Dr. Francisco Guzmán

Arabic Language Technologies
+(974) 4454 1224
I was excited to take part on the foundation of this new Institute. Helping to create something from scratch appealed to me. I already knew some of the talented people at QCRI, and could tell that something grand was brewing. Also, living in the intriguing Middle East, learning a new language, interacting with a new culture, that was a plus.

Research Focus at QCRI

Dr. Francisco Javier Guzmán Herrera is a Scientist working for the Arabic Language Technologies department at the Qatar Computing Research Institute (QCRI). His field of work is set at the intersection of Language Technologies and Machine Learning. He has extensive experience in the field of Machine Translation, where he  started working since 2006. His research has been published in top-tier venues such as the Association of Computational Linguistics (ACL), the international Conference on Empirical Methods for Natural Language Processing (EMNLP), International Conference on Computational Linguistics (COLING), among others. Together with his team, he has participated in several international machine translation competitions such as: Seventh Workshop on Statistical Machine Translation (WMT) 2012, International Workshop on Spoken Language Translation (IWSLT) 2013, National Institute of Standards and Technology (NIST) Open MT Evaluation 2015, consistently obtaining top rankings for Arabic-English and Spanish-English language pairs. In 2014, he obtained the “Best in show” award at the BBC’s NewsHack III – Language Tech event in London, U.K., where international teams competed to have the best language-technologies application for news.  His research has pushed the boundaries of the field of machine translation evaluation using discourse information. In 2014, his team metric (discotk) won the WMT2014 metrics evaluation campaign. 

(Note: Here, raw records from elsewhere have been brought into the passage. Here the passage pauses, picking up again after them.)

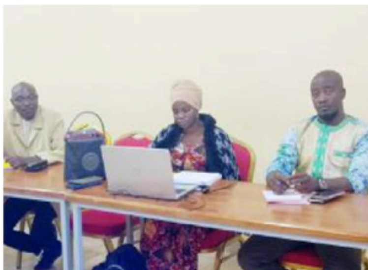
Les participants à l'atelier,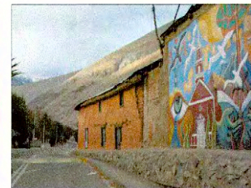
Vista panorámica de la Ruta D-485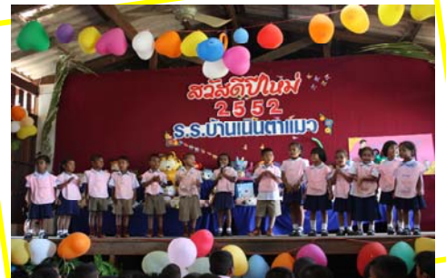
กิจกรรมของน้องๆ ที่แสนน่ารัก.....ก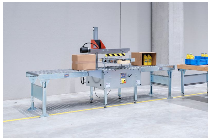
Der seitliche Kartonverschluss lässt sich mit der ST-10 kompakt darstellen.

Je nach Kartonspektrum haben Sie die Wahl zwischen dem Kartonverschießer des Typs ST-10 oder ST-10 Maxi.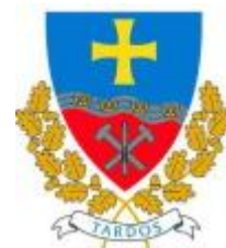
Tardos Maďarská republika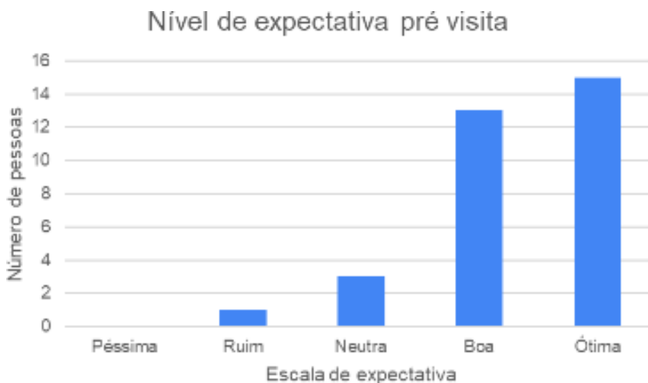
Figura 4: Nível de expectativa pré visita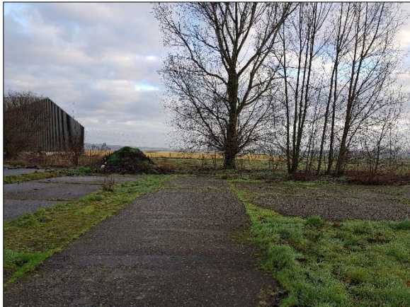
Figuur 6. Achtergelegen weiland gezien vanuit het zuiden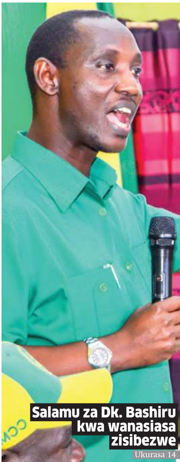
Salamu za Dk. Bashiru kwa wanasiasa zisibezwe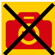
Bild-, Film- und Tonaufnahmen sind auf dem gesamten Betriebsgelände untersagt .

Bitte beachten Sie, dass unsere Security Sie vor dem Betreten des Luftsicherheitsbereichs kontrolliert.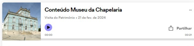
Fig.2 – Acesso aos conteúdos áudio em gravação de Spotify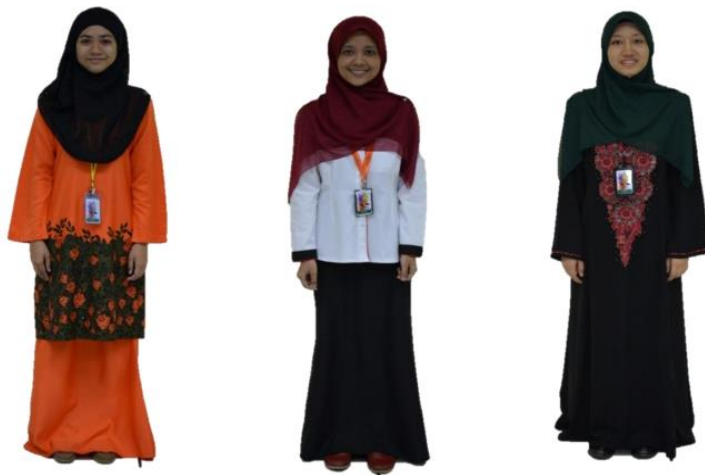
Rajah 2: Sahsiah Pelajar Wanita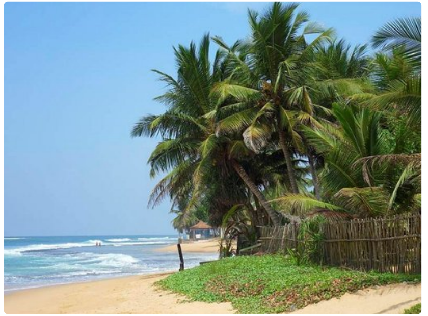
Rannat ovat siistejä ja hiljaisia.

Sukellukseen ensimmäinen antava Discover tarkoittaa pientä, mutta kattavaa teoriaosuutta, välineiden testaamista ja kahta sukellusta. Koko sukelluskurssin voi Hikkaduwassa suorittaa neljässä päivässä ja se vie taskusta noin 260 euroa. Kannattaa ehdottomasti valita Padi-tunnuksen omaava sukelluskoulu, jotta saa parhaan palvelun ja välttää ammattitaidottoman opastuksen. Poseidon Diving Station on luotettava ja asiantunteva keskus.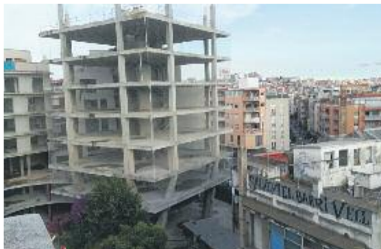
L'Ajuntament suspèn temporalment els enderrocs.

Tot i que la junta de govern va acordar la suspensió temporal dels enderrocs dels edificis antics per un màxim de sis mesos, alguns veïns de la zona no han abandonat les protestes. De fet, alguns fins i tot han començat a ocupar els edificis que han quedat buits. Són pisos que s'havien d'enderrocar per poder crear una avinguda que connecti el passeig Mossèn Jaume

Dr. Guzmán enjoys coaching young minds. In the summer of 2012, he and Dr. Stephan Vogel started the first “Hot Summer/Cool research” internship program, to introduce undergraduate students from local universities to the research world. Since then, he has mentored more than dozen students, challenging them with research questions related to language technologies.


Previous Experience

Before joining QCRI, he collaborated in teams dealing with Speech Technology (Tecnológico de Monterrey, 2011) and Machine Translation (Carnegie Mellon University, 2008-2011). He obtained his PhD from the Instituto Tecnológico y de Estudios Superiores de Monterrey, in Mexico; and was a visiting scholar at the Language Technologies Institute at Carnegie Mellon University from 2008-2009, where he  took part of DARPA’s GALE evaluation program, under the Rosetta (IBM) consortium..

Professional Experience

Professional Associations and Awards

  • Best in show award. 2014. We won the "Best in show" award for our Speech-to-Speech Translation demo at the BBC NewsHack III Hackathon in London, UK.
  • Best metric in competition. 2014. Our Machine Translation evaluation metric discoTK won the first place in the WMT2014 Metrics task.
  • Best system for Arabic English. 2013. Our Arabic-English and English-Arabic systems won the first place at IWSLT2013 translation tasks according to official metrics.
  • Best unconstrained system Spanish-English. 2012. Our Spanish-English system was the best performing unconstraind system according to human evaluation metrics at WMT 2012.
  • Best poster award. 2007. For CiCLing paper Using Translation Paraphrases from Trilingual Corpora to Improve Phrase-Based Statistical Machine Translation: A Preliminary Report with Leonardo Garrido.
  • EPF- Special Jury Mention. 2004.
  • The Washington Center for Internships and Seminars. NAFTA Leader's Program Scholarship. 2004
  • General Electric Foundation Scholarship. 2000 – 2004.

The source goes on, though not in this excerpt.